3
После фронтовых землянок с сырыми глинистыми нарами, после мужского неуюта студенческого общежития, я оказался едва ли не в райских кущах. Чистота и белизна Лёлиной обители ослепили меня. И покрытый накрахмаленной скатертью стол посреди комнаты, и большой абажур из белого шелка, свисающий над столом, и светло-серебристые шторы от потолка до пола, прикрывающие оба окна, и кружевная накидка на комоде со стадом белых фарфоровых слоников, и пышный белый бант на гитаре, висевшей на стене, и самый зримый предмет — просторная кровать с никелированными шарами, высившаяся в углу, как пароход у причала, аккуратно застеленная белоснежным покрывалом с многопалубным возвышением подушек — все слепило, как слепит при солнце чистый заснеженный лес. И среди этого белого царства снежной королевой гляделась сама Лёля, в белом платье с кружевным полукружьем на высокой груди. Платье плотно облегало ее плотное тело, и Лёля время от времени обеими руками забавно оттягивала от боков стесняющий ее наряд.
Лёля не скрывала радости. Любопытствующую соседку, выглянувшую из своей двери в коридор, не удостоила даже словом.
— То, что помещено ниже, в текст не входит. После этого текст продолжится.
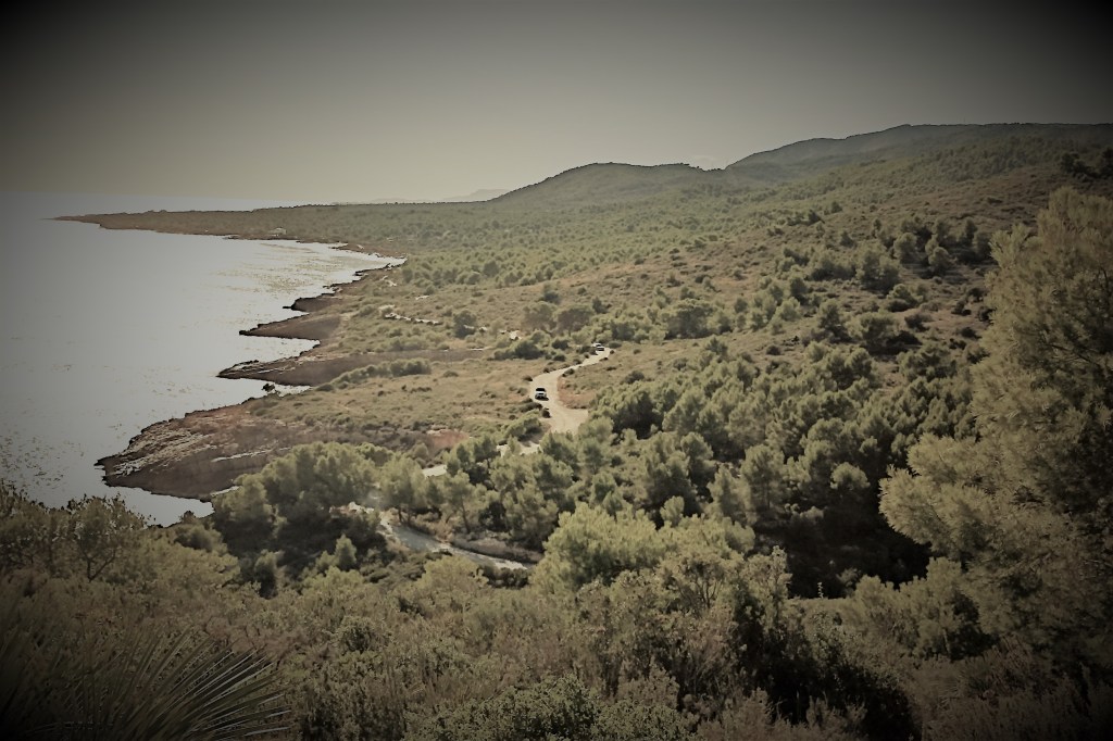 Llevo mi recorrido por el camino litoral, existen senderos que se desvían hacia el interior y buscan las faldas de la sierra, pero no son tan atractivos, algunas derivaciones se aventuran a subirla, hacia la Font d´En Canes por ejemplo. La vía de tierra es cómoda y ancha, transitable para vehículos hasta que se llega a la urbanización Ribamar, con playa delante, existe cerca también un camping. Natural, no se puede desperdiciar tanta belleza y tranquilidad. Después, un poco más adelante, se divisan dos bloques elevados, tienen tres alturas, es la urbanización La Cubana, dos grandes edificios rectangulares de apartamentos, intrusos inmersos de lleno en medio de tan frondosa vegetación. Resulta una visión anacrónica e impertinente. Al llegar, cruzo por mitad de ellos sin dignarme a mirarlos y raudo me adentro completamente en el bosque, todavía más espeso si cabe. Recorro intrincados vericuetos, se va adelgazando la senda, llegándose a perder en algún tramo, lo que me obliga a retroceder e, incluso, atravesar los arbustos pisándolos por donde resulta posible, para encontrar algún vestigio de ella. Resulta difícil moverse, doy vueltas sobre mí mismo, zigzagueo, repito tramos, pero no estoy perdido. El mar, ahí al lado, a la derecha, es una dirección segura. Regreso buscando retomar el sendero donde recuerdo que era bien claro. Hecho mano de la memoria de mis piernas para que me guíen y de detalles vegetales que vuelvo a ver. Encuentro por fin un paso, una derivación que da a un camino ancho que me dirige hacia el interior, sube hacia la falda de la sierra, se aleja de la orilla del mar pues. Me lleva a un cruce con una indicación en una tablilla de madera para senderistas: Font de la Parra. Esa dirección no me vale, es ascendente, me aleja de mi propósito. Me las apaño para cambiar de sentido y enfocar hacia Cala Argilaga. No conviene alejarse nunca de la costa porque donde bajan barrancos, excavados por las torrenteras estacionales, estos ganan en profundidad y, por tanto, dificultad para atravesarse, a medida que se ascienden.
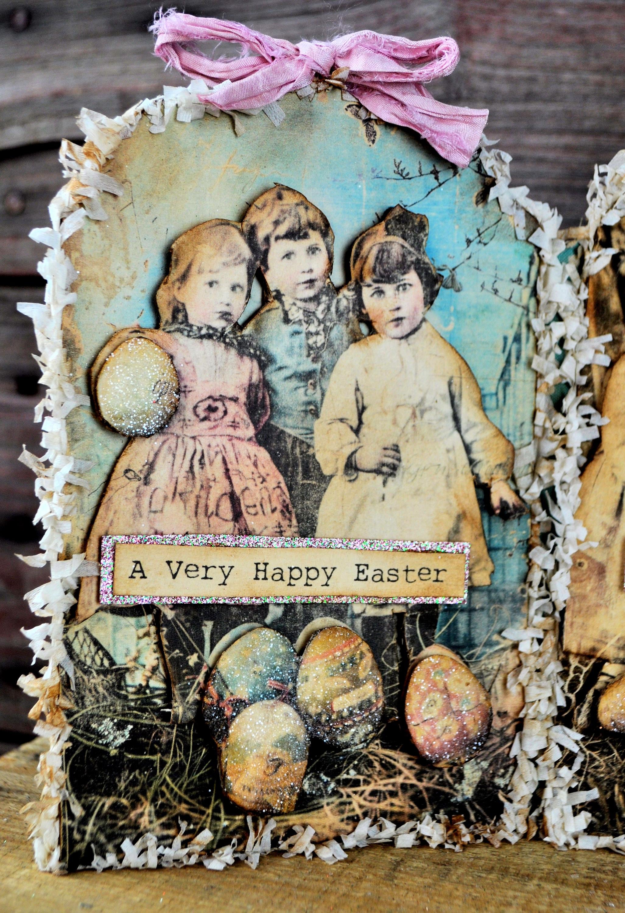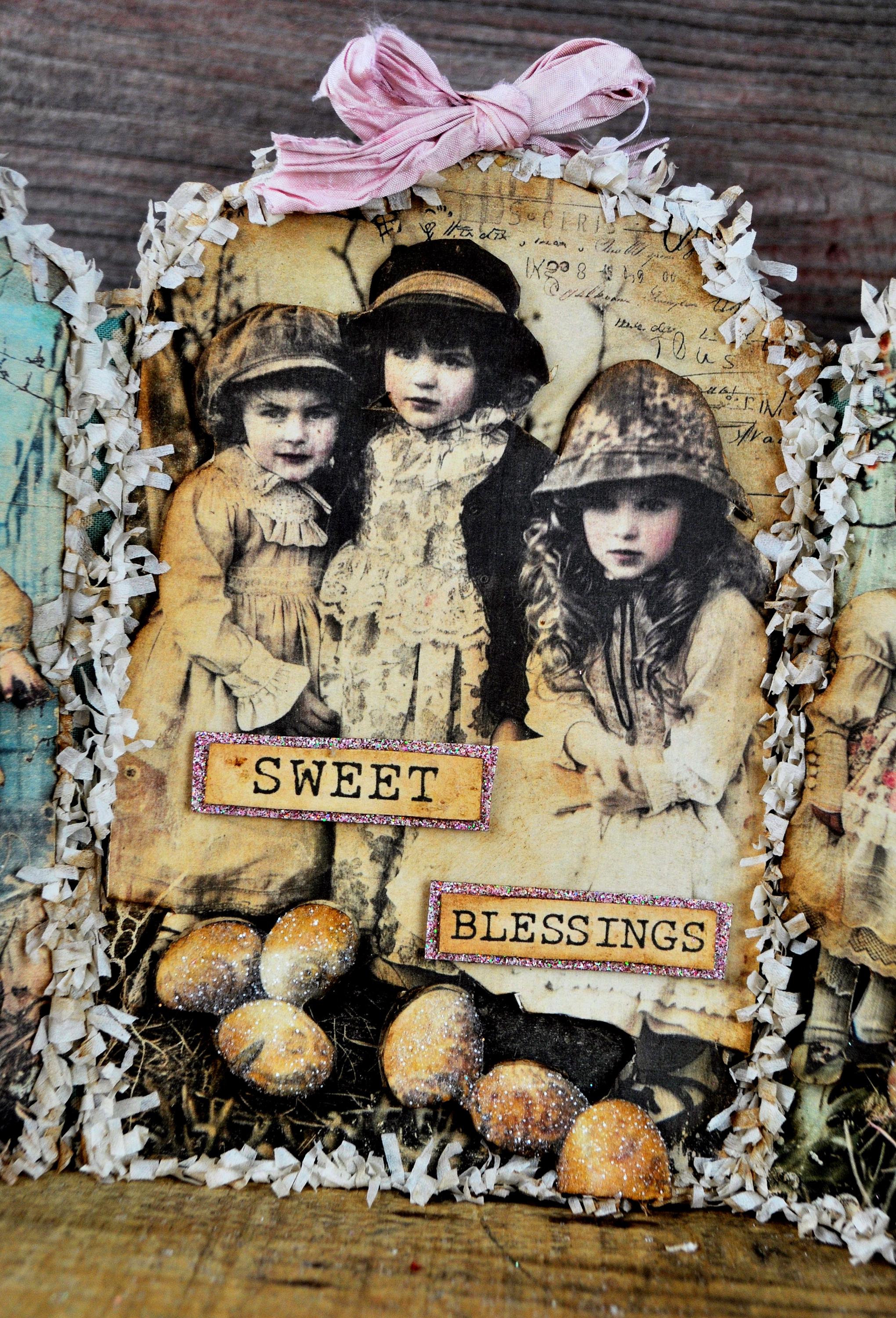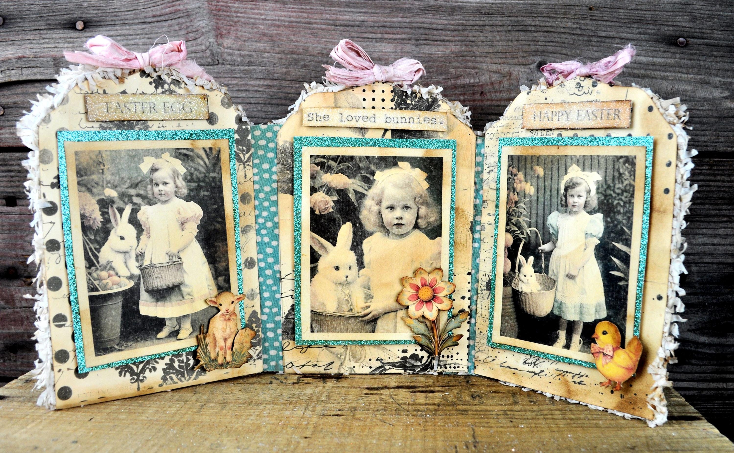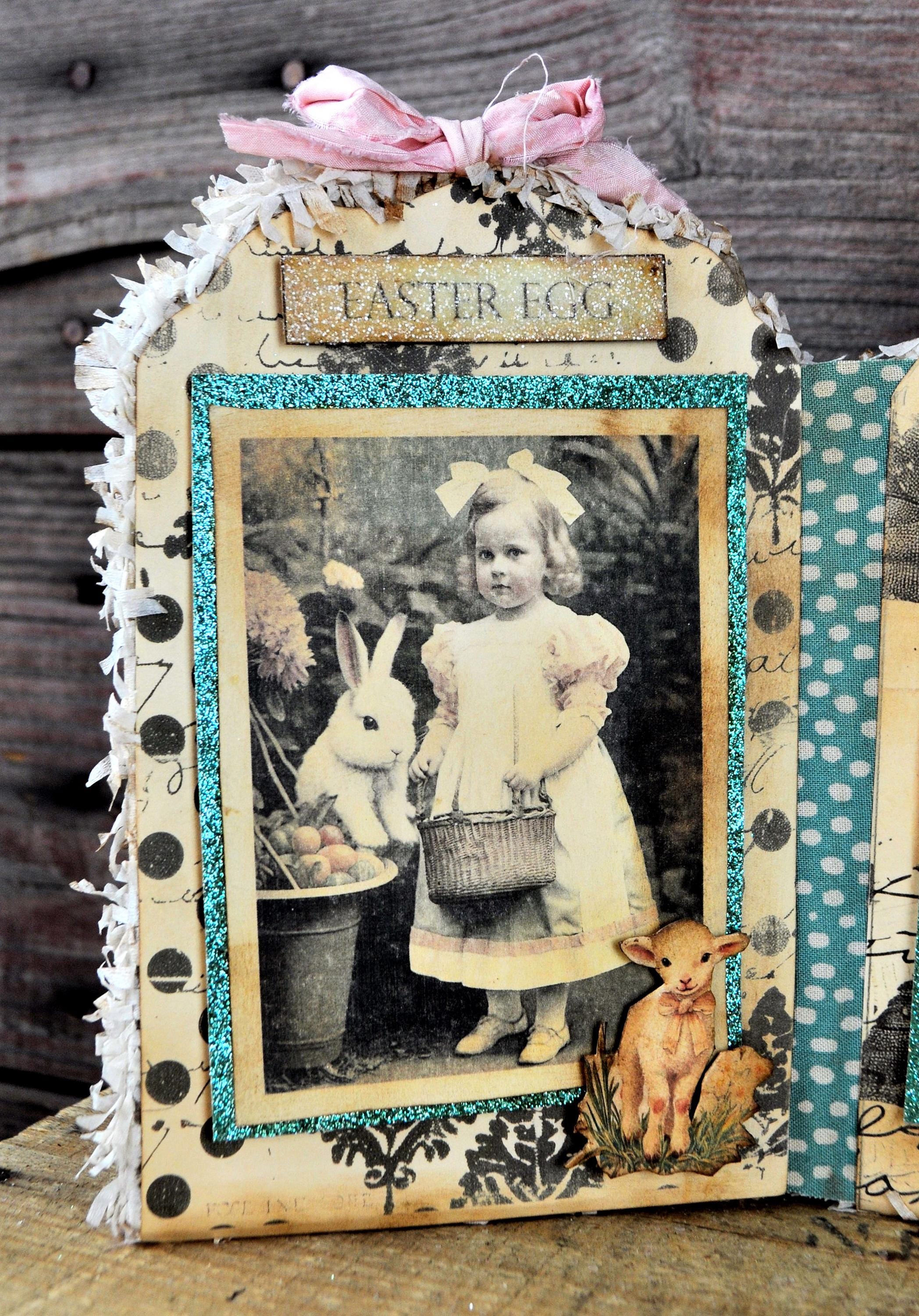 Barb Olson of Muddy Creek Primitives, designer and creator of unique handmade pieces is pleased to offer this primitive one-of-a-kind Easter Trifold Collage. Each panel has a beautiful vintage style Easter image. There is clear glitter on the Easter eggs. The back of these panels has sweet vintage looking images of Easter children with bunnies. They are all trimmed in cream colored crepe paper fringe and have a pink silk bow on the top. Each piece is wonderfully "grunged" up to help them look primitive. This Easter collage measures 14 1/2" x 7 1/4 ". It will look perfect sitting on a table or desk with all your prim decor.
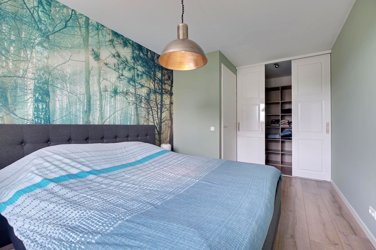 Overloop, 3 slaapkamers allen voorzien van een moderne laminaatvloer en de ouderslaapkamer heeft de beschikking over een eigen, ingebouwde inloopkast. De moderne badkamer, is stijlvol afgewerkt en voorzien van een inloopdouche, ligbad en een dubbele wastafelmeubel.
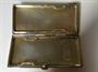 Stříbrné ploché pouzdro se smaltovanou modrou linkou, uvnitř zlacené, vyrobeno ze stříbra 800/1000, celková hmotnost 55,4 g, rozměr 8,5 x 4 cm.
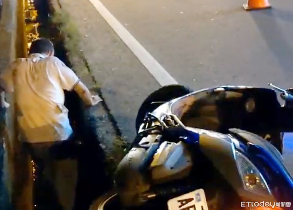 一名住在附近的徐姓男子,正好要到事發地點對面加油站加油,見狀後即刻到對車道了解狀況,一旁的加油員工也拿出三角錐做安全防護;善心徐男直問;「你有沒有怎麼樣?」,跌落水溝的男子嚇得不發一語,徐男見狀後即刻報案。
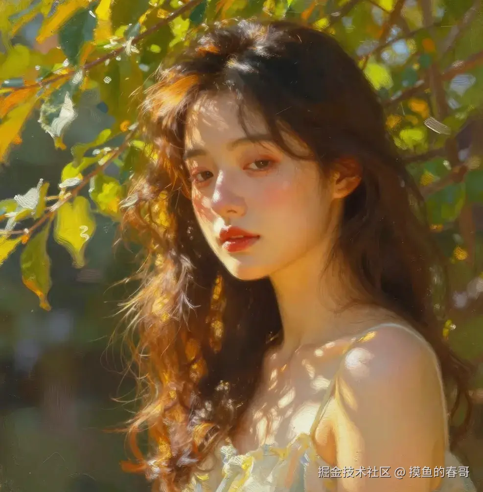 大师级作品,油画媒介,半身肖像,1个女孩,特写,斑驳的阳光,丁达尔效应(光柱),光斑落在皮肤上,温暖的金光,绚烂的色彩,丰富的笔触感,厚涂法,秋日氛围,柔焦,梦幻,极其细致的皮肤质感。
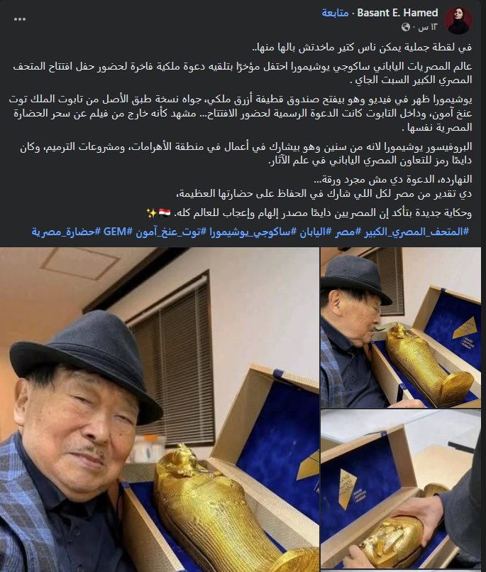 وكتب أحد الحسابات: “عالم المصريات الياباني ساكوجي يوشيمورا احتفل مؤخرًا بتلقيه دعوة ملكية فاخرة لحضور حفل افتتاح المتحف المصري الكبير السبت الجاي، يوشيمورا ظهر في فيديو وهو بيفتح صندوق قطيفة أزرق ملكي، جواه نسخة طبق الأصل من تابوت الملك توت عنخ آمون، وداخل التابوت كانت الدعوة الرسمية لحضور الافتتاح”.
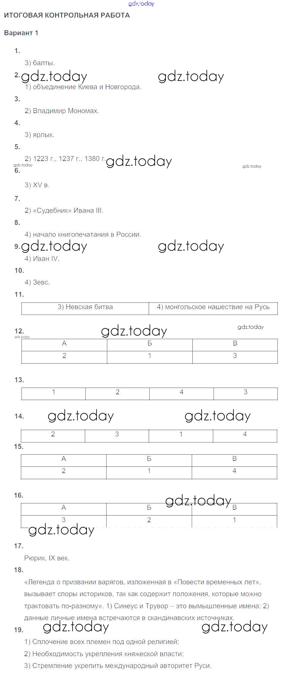 На страницах сайта gdz.today вы найдете учебный и вспомогательный материал, направленный на улучшения знаний школьной программы. ГДЗ - онлайн мир знаний Итоговая контрольная работа (решение) Вариант-1 Тематическому контролю по Истории России для 6 класса Артасов, Гаврилина Национальное образование 2015
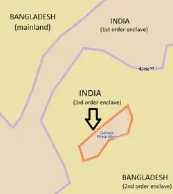 Dasiar Chhara, el cuarto enclave indio más grande por área. Está a tres kilómetros del territorio principal de la India y tiene un área de 6,65 km². Dahala Khagrabari era el único enclave de tercer de orden que haya existido hasta la fecha, un territorio indio dentro de un exclave de Bangladés qué a su vez estaba dentro de un exclave de la India en el territorio principal de Bangladés, antes de que todos los exclaves de la India mencionados anteriormente fueran cedidos a Bangladés en 2015.
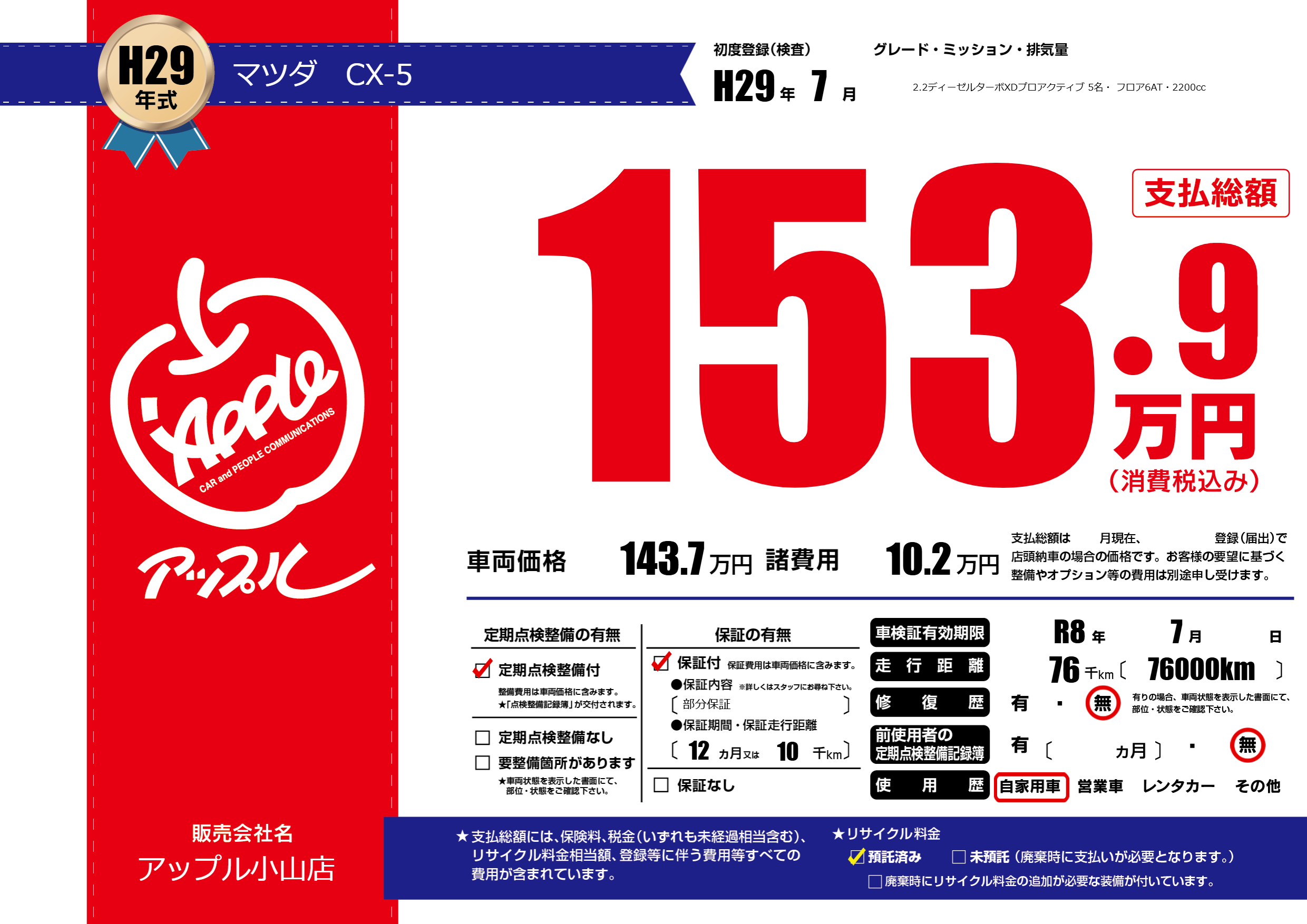 | 走行キロ | 7.6万km | 初年度登録 | H29年7月 |
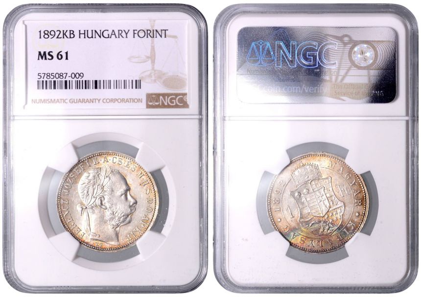 Forint/Zlatník 1892 K.B. NGC MS 61 - Ag 900/1000, 12,35g, 29mm
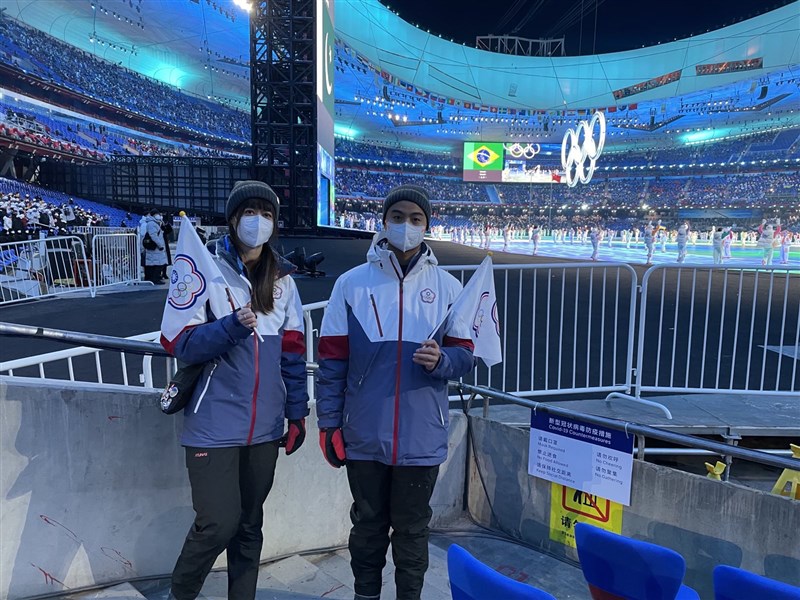 我國由滑雪男子選手何秉睿與競速滑冰女將黃郁婷擔任冬奧開幕式掌旗官。圖/奧會提供
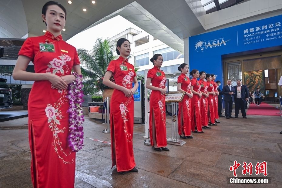 3月27日,身着旗袍的礼仪在博鳌亚洲论坛大酒店大堂迎接八方宾客。中新网
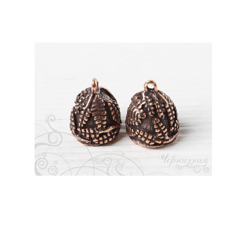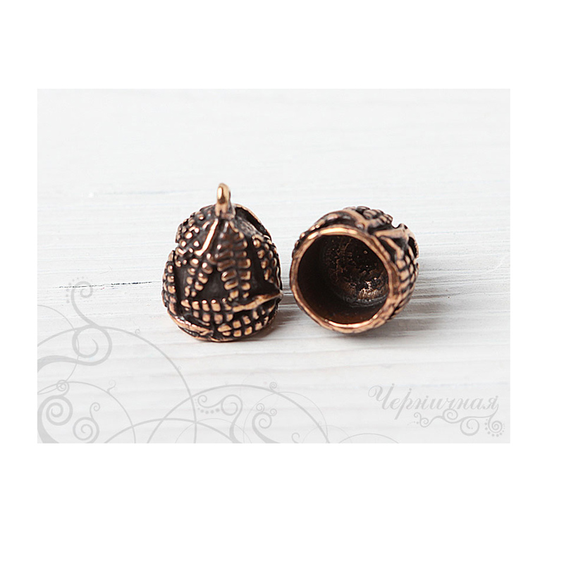 Авторская фурнитура Анны Черных - концевик для вклейки шнуров или лент. Размер: 14,5 х 17,9 мм, внутренний диаметр: 10,6 мм, глубина примерно 10 мм, петля: 1,4-1,7 мм. Материал: античная бронза. Производство: Россия. Цена указана за 1 шт.

Приобняв за плечи, провела меня в комнату и, как только несколько потрясенный увиденным, я огляделся, тут же усадила за стол со словами:
— Пироги заждались, Вовочка. Устраивайся по-домашнему, буду тебя кормить!..
Обилием домашнего печева, выставленным на стол, по моим подсчетам можно было бы досыта накормить все наше студенческое общежитие. После щедрого куска пирога с капустой и трех пирожков с мясом я почувствовал, что мой не привыкший растягиваться желудок решительно запротестовал. И как Лёля ни уговаривала отведать кусочек сладкого пирога, я отяжелено качал головой и, тупо пялясь на Египетскую пирамиду из румяных, искусно испеченных пирожков, только вяло прихлебывал с ложечкой чай, густо заправленный вареньем. На добром лице Лёли с широким, будто слегка помятом, но тщательно припудренным носом, я видел нескрываемое огорчение, но поделать с собой ничего не мог — последний проглоченный мной кусок стоял в горле.
Лицо Лёли догадливо озарилось:
— Вот, ведь, сразу не решилась. Надо попотчевать тебя водочкой!.. — Она сделала движение к комоду, на котором стояли слоники, но тут уже решительно я воспротивился — от водки никогда не испытывал удовольствия. Даже на фронте с трудом заставлял себя сделать глоток за погибших товарищей. Да и Лёля, и уют ее комнаты никак не вязались с одурманивающей грубостью вина.
Лёля смотрела не веря:
— Как же, Вовочка? Ты же солдатиком был? — вопрошала она в растерянности. — Мы, бабы, и то за войну всего напробовались!..
Я молча развел руками, давая понять, что ничего не смогу с собой поделать.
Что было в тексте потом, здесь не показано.